New York Times. Nationalism at its nastiest
During the genocide of Armenians in Baku on January 19 an article was published at the New York Times under a very eloquent title "Nationalism at its nastiest ", excerpts of which are presented below. It should be mentioned that the data in the article feature the bloody events of January 13-19, and the entrance of the Soviet troops on January 20 - the date that is exposed in Baku hypocritically as a “tragedy of the struggle for independence” - and today sound adequately and timely.
New York Times, January 19, 1990
Azerbaijan is no Lithuania. True, resurgent nationalism arouses people in the Caucasus just as it arouses the Baltic republics. But there the comparison ends – and the trouble for Moscow begins.
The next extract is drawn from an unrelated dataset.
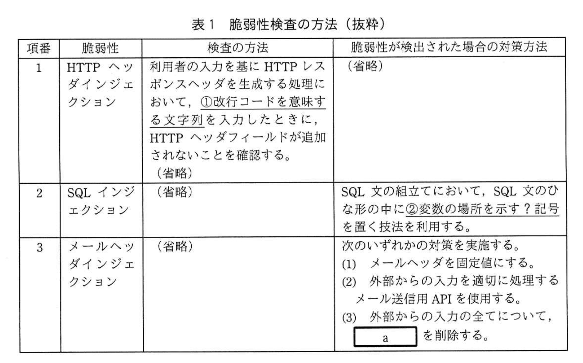 表1の「SQL インジェクション」対策には、 “SQL 文の組立てにおいて、SQL 文のひな形の中に②変数の場所を示す?記号を置く技法を利用する。”

Nationalists in Lathuania are struggling to wrest independence from Moscow by nonviolent, political means. Nationalists in Azerbaijan also talk of independence, but their protest includes bloody pogroms against their Armenian neighbors. Nor do Azerbaijani nationalists limit their actions to Soviet Azerbaijan. They transgress the border with Iran to make common cause with Azerbaijan there.
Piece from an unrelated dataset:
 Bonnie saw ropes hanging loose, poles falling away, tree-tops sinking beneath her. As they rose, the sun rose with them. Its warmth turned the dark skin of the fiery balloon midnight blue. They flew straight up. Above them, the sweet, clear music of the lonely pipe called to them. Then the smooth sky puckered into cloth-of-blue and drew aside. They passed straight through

Mikhail Gorbachev seems prepared to bargain with Lithuania’s nationalists. But Azerbaijan’s violent nationalists leave him no choice but to send in the troops.
(...) This week’s massacre in Baku, of predominantly Christian Armenians by Muslim Azerbaijanis, shows nationalism at its nastiest. Generations of religious hatred erupted in spasmodic violence two years ago as Armed Azerbaijanis rampaged through the town of Sumgait and slaughtered 32 people, mostly Armenians. After the 1988 earthquake that killed 25.000 Armenians, Azerbaijanis blocked railways to Armenia, holding up aid. Now the rivals vie for control of Nagorno-Karabakh, an Armenian enclave that Stalin incorporated into Azerbaijan.